Records excerpted from a collection:
***
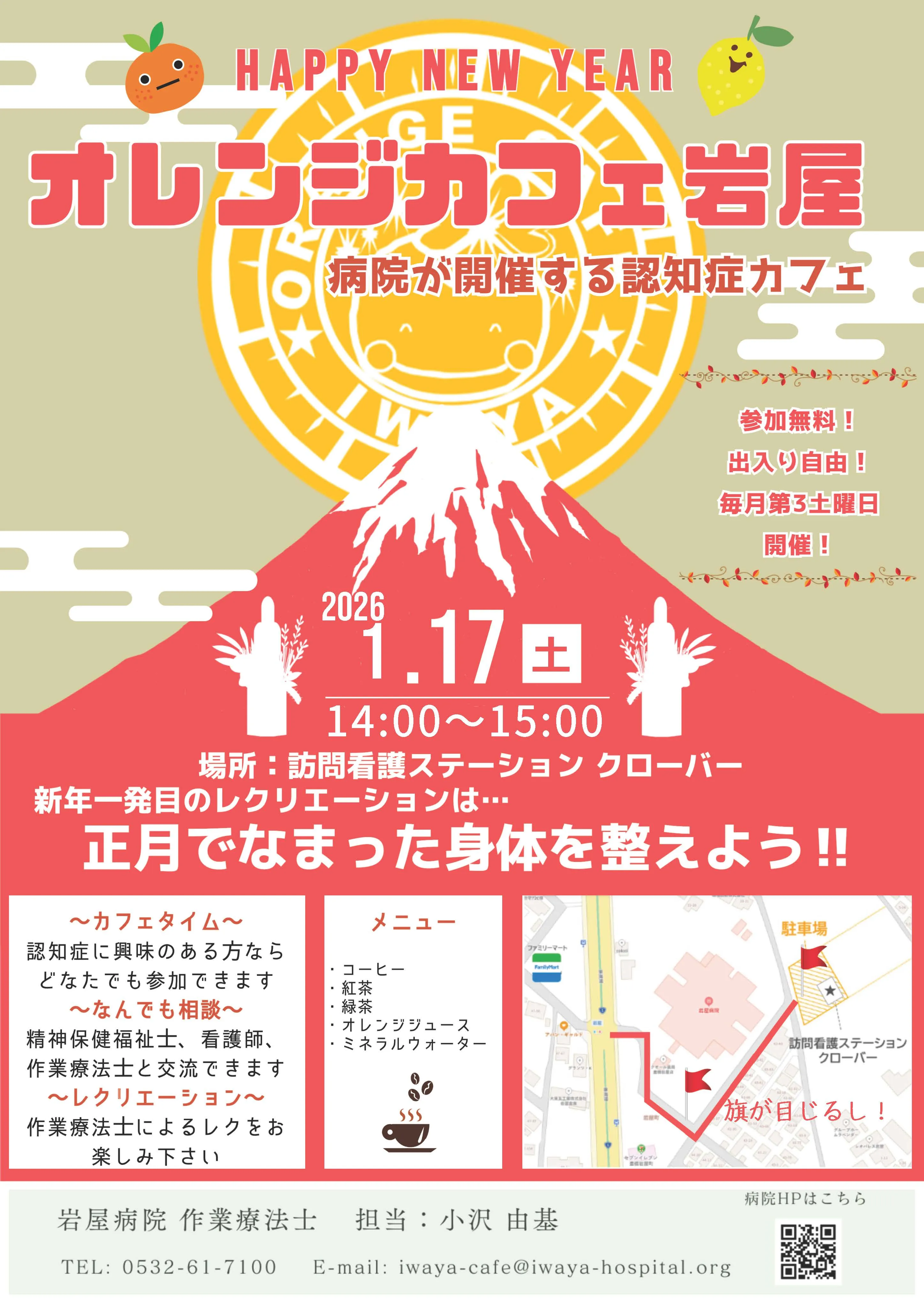 令和8年1月オレンジカフェ岩屋、開催のお知らせ 1/17(土)14:00から今月のオレンジカフェ岩屋を開催します。場所は当院の訪問看護ステーションクローバー内です。参加は無料で予約も不要のため、お気軽にお越しください。
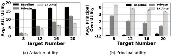 In Figure 4, we examine the situation in which the principal attempts to maximize her own utility (given she is one of the self-interested defenders). We again observe that the attacker suffers a significant loss in utility compared to (Figure 4a, and versus ). Conversely, the principal can get a significant benefit by strategically revealing her private information through the signaling mechanisms (Figure 4b).
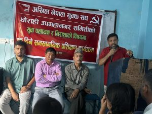 अखिल नेपाल युवक संघ घोराही उपमहानगर समितिका अध्यक्ष श्रीराम भट्टराईको अध्यक्षतामा भएको कार्यक्रममा स्वागत मन्तव्य नगर उपाध्यक्ष महेश आचार्यले र सञ्चालन नगर सचिव दिपक केसीले गर्नुभएको थियोे।
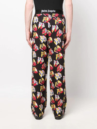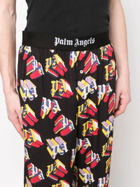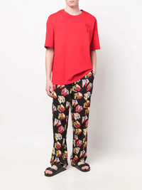 logo-print straight-leg trousers black/multicolour all-over logo print logo waistband front button fastening straight leg two side slit pockets rear welt pocket Made in Italy Composition Viscose 100%, Polyamide 56%, Spandex/Elastane 22%, Polyester 22% SIZE & FIT Model measurements Height 6 ft 2 in(1.89 m) Bust/Chest 39.76 in(101 cm) Hips 37.4 in(95 cm) Waist 29.92 in(76 cm) FittingInformation This piece fits true to size. We recommend you get your regular size Designed for a slim fit at the waist and loose over the leg Made with a lightweight non-stretch fabric Washing instructions Dry Clean Only
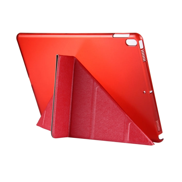 For iPad Pro 10.5 inch Silk Texture Horizontal Deformation Flip Leather Case with 4-folding Holder & Sleep / Wake-up(Red)
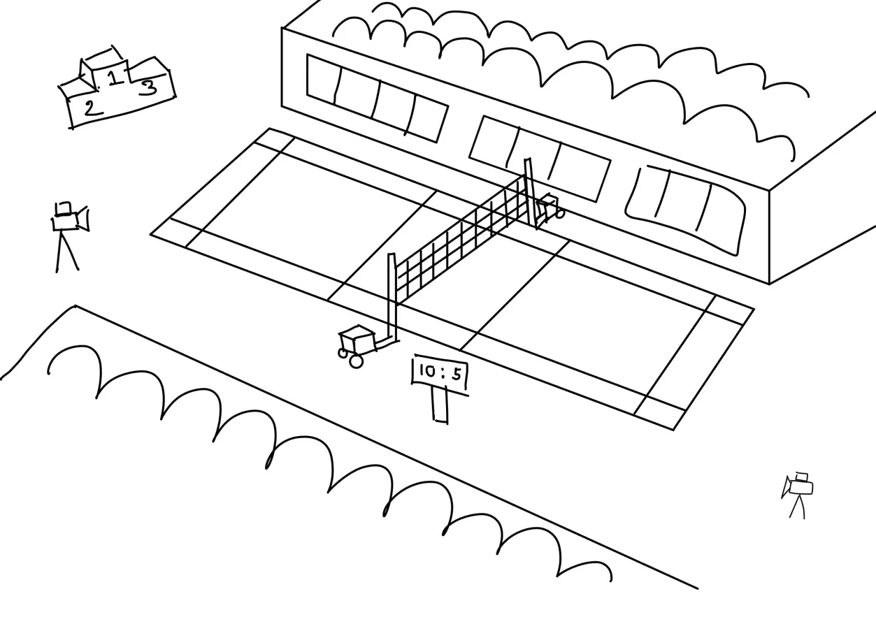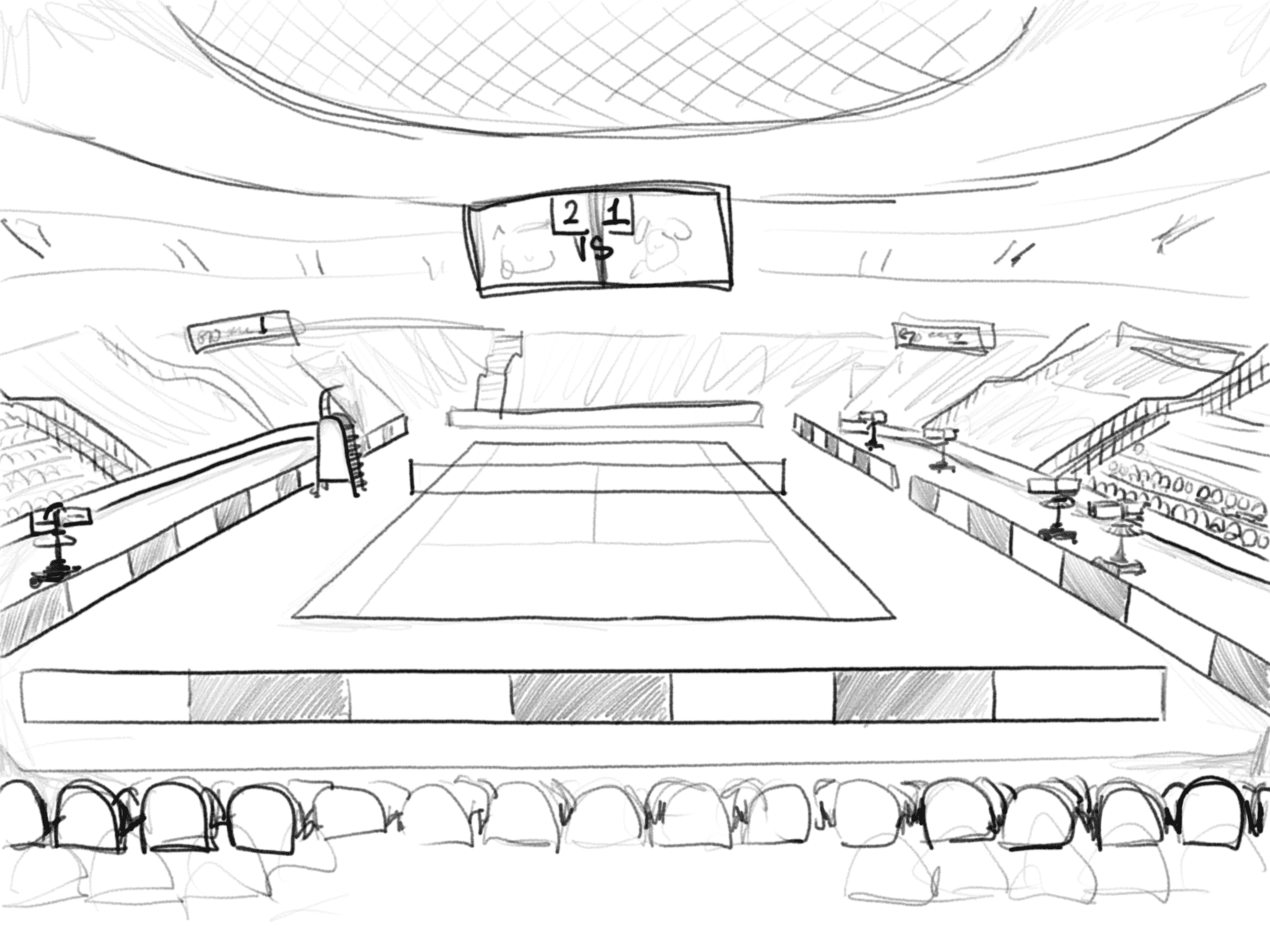 The setting of the scene is within an indoor badminton court, brightly lit with vibrant lighting that energizes the space. It is set up similarly to a professional tournament and there will be colourful banners, energetic crowds, and a digital scoreboard flashing real-time updates, all highlighting the fast-paced matches played within.
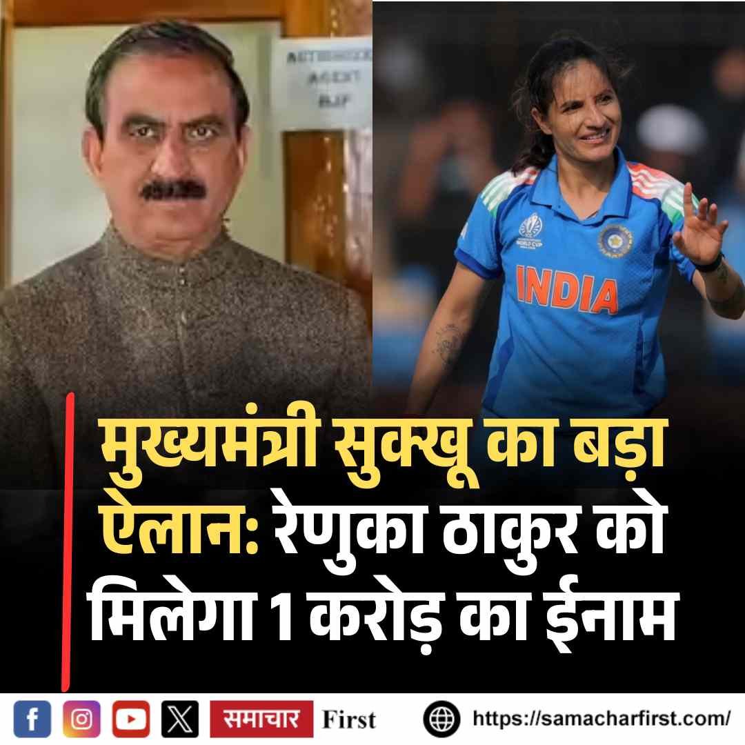 ➤ सीएम सुक्खू ने भारतीय महिला टीम की गेंदबाज रेणुका ठाकुर को देने की घोषणा की एक करोड़ की राशि
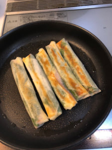 焼いてるとチーズが出てくるので端っこは折りたたむ方がいいです。
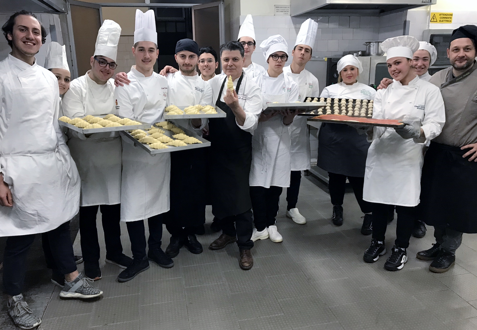 Per gli studenti, la prima giornata del corso, in cui, per l’occasione, il Maestro Di Caprio ha illustrato ai ragazzi le “personali” tecniche di lievitazione, impasto, preparazione, farcitura e cottura dei cornetti e della pizza, oltre che altre raffinatissime creazioni e segreti di pasticceria. A margine della lezione, agli studenti è stata data la possibilità di porre domande e curiosità sul mondo dell’alta formazione pasticcera e sul ventaglio (ampio) di opportunità lavorative post-diploma.
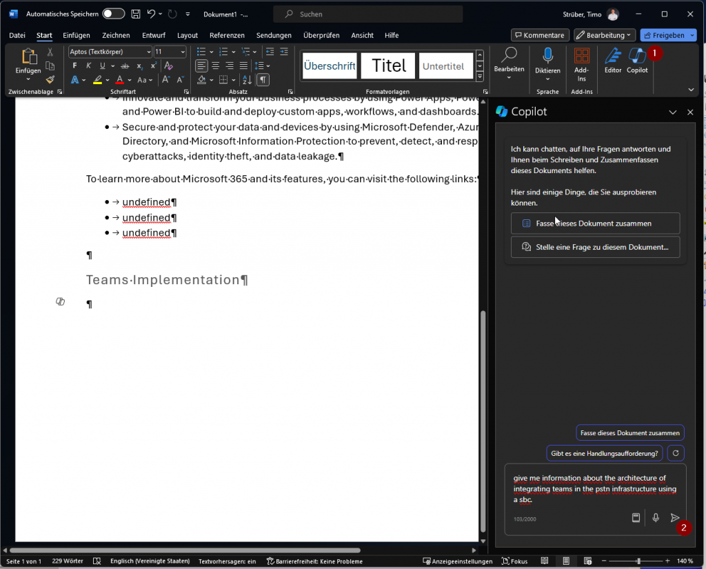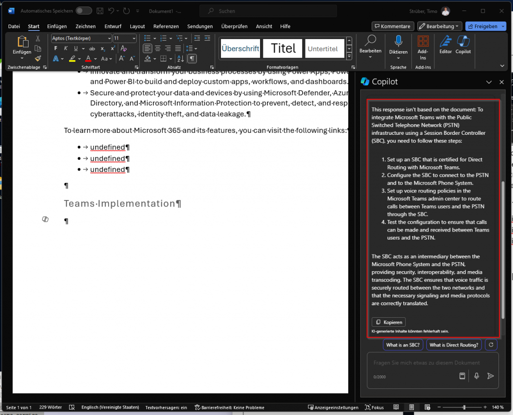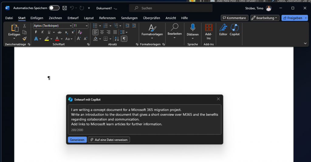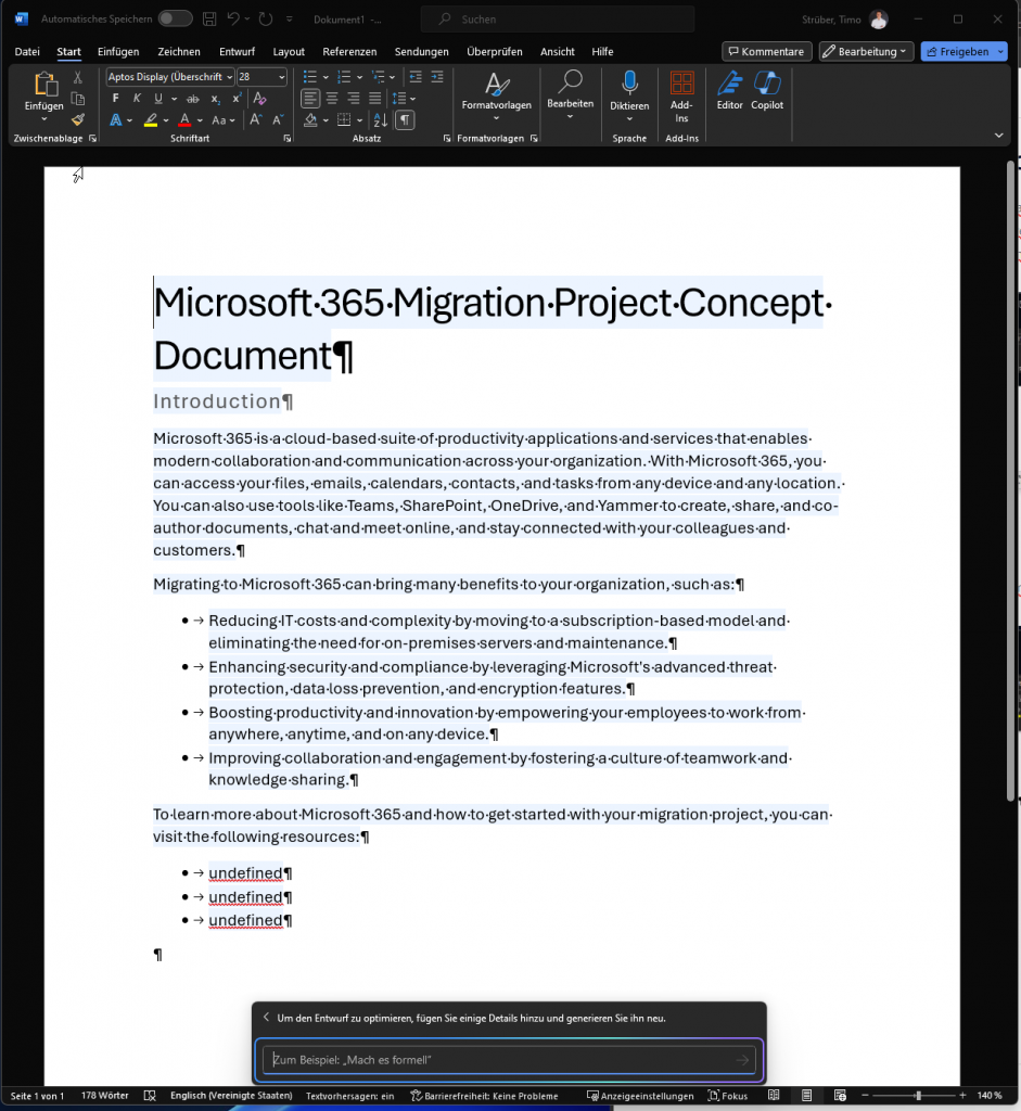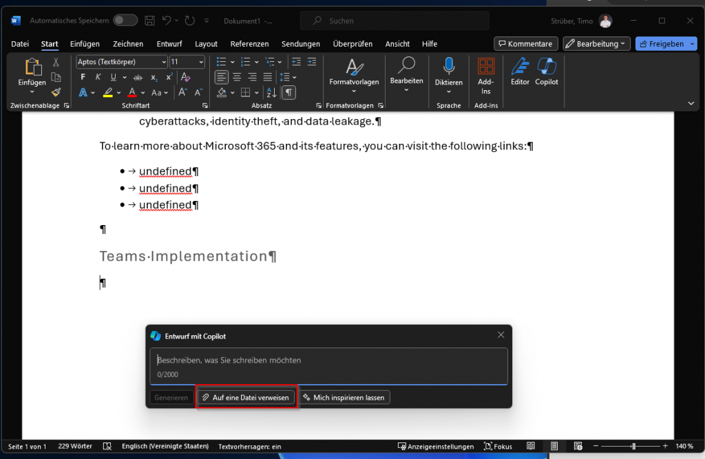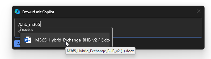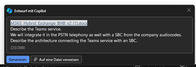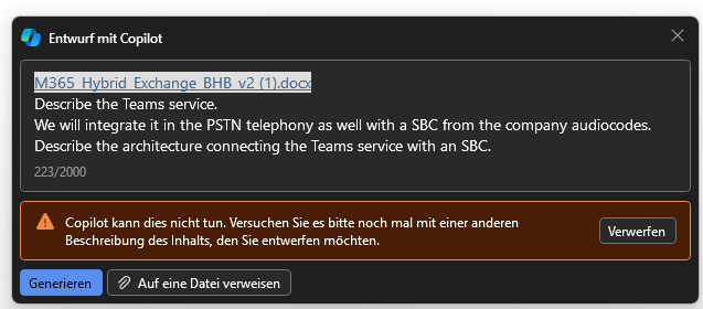 The drafting feature worked well for my specific use case of creating a technical concept document for a Microsoft 365 migration project. It provided concise summaries of the technologies I needed to describe. However, the tool’s efficiency will depend heavily on the specific use case. During my test, I discovered some limitations of the new feature. For example, the file reference function is currently not functioning.
***
◆ **YOUR INSTRUCTIONS**
Exactly the lines above from the one that contains "The setting of" down to the one that contains "焼いてるとチーズが出てくるので端っこは折りたたむ方がいいです。" are to be output, both ends kept and pictures omitted.

◆ **OUTPUT OF THE TASK**
 The setting of the scene is within an indoor badminton court, brightly lit with vibrant lighting that energizes the space. It is set up similarly to a professional tournament and there will be colourful banners, energetic crowds, and a digital scoreboard flashing real-time updates, all highlighting the fast-paced matches played within.
 ➤ सीएम सुक्खू ने भारतीय महिला टीम की गेंदबाज रेणुका ठाकुर को देने की घोषणा की एक करोड़ की राशि
 焼いてるとチーズが出てくるので端っこは折りたたむ方がいいです。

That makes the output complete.